We have at last ventured from our small corner of the city into centro storico on our morning walk: it was almost deserted. Here is a glimpse of Trinity and its Newtonian apple tree — without the dozens of tourists who are usually to be seen sitting along that low wall. Cambridge gets about eight million visitors a year, mostly on day trips (which is pretty absurd as there is really so little to see apart from King’s College Chapel, as most of the older colleges are closed to visitors most of the time). I imagine that very many residents would be pretty happy if that level of mass tourism doesn’t return here for years, if ever. But that’s just one more unknown about the post-virus world.
Meanwhile, no visit this week to Wigmore Hall on Tuesday to see the Pavel Haas, no driving off today down to St. Mawes in Cornwall for the planned fortnight. Drat. But those are small things in the overall scheme; we are daily reckoning up our good fortune compared with so very many, and just keeping ourselves safe. And the preternaturally good spring weather has been mighty cheering and made those morning walks a delight. So on we go, into this new normal, whatever it turns out to be.

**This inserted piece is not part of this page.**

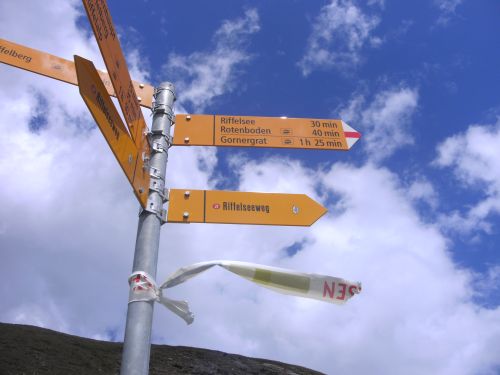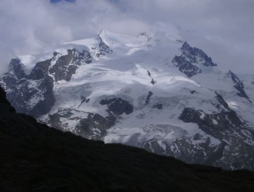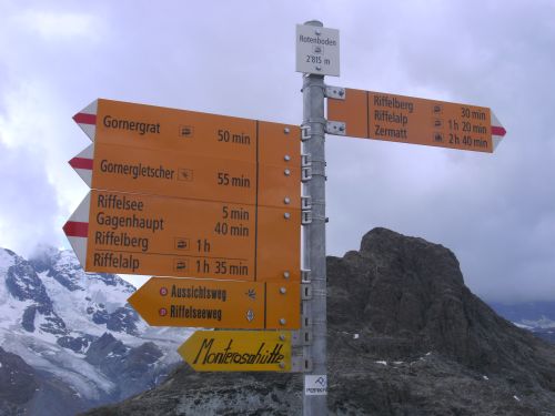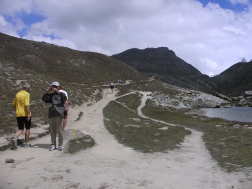 Uns kommen hier oben einige Wanderer und sogar Mountainbiker entgegen. Besonders die vielen Japaner feuern uns begeistert an. Danke, das tut gut und spornt an. Weniger anspornend ist das Wetter. Die Sonne ist schon eine Weile weg und die Gipfel der umliegenden Viertausender sind Wolken umhüllt. Das Matterhorn schickt uns zudem einen Hagelschauer vorbei. Macht nix, ich ziehe meine Regenjacke aus dem Trinkrucksack und bin gut gegen Hagel, Wind und Kälte geschützt.

We can, of course, get books delivered here by post. But where’s the fun in that? One small everyday pleasure we really miss is getting to second-hand charity bookshops; we much enjoy the serendipity, the chance discoveries. The wonderfully well-run and well-stocked Oxfam bookshop in Walden is a particular favourite, and in normal times we drop in there perhaps twice a month. And when in Cornwall, there is a terrific bookshop at the National Trust house at Trelissick near St. Mawes. A couple of years ago, we happened to be there when someone came in to donate a paperback set of Helen Dunmore’s first ten novels (obviously brand new); I snapped them up within a minute, having by chance just finished and much admired one of her later novels, Exposure. I have been reading those earlier novels with great pleasure over the intervening months. And I’ve just finished Counting the Stars, Dunmore’s imagining of Catullus and his obsession with Clodia. I’m not sure that this is her most successful novel; and arguably her Catullus — for all his obsession — seems a mite too tame, lacking some of the fury and satiric energy that drives the poetry. But I can still recommend it for a spring evening read, far from Rome!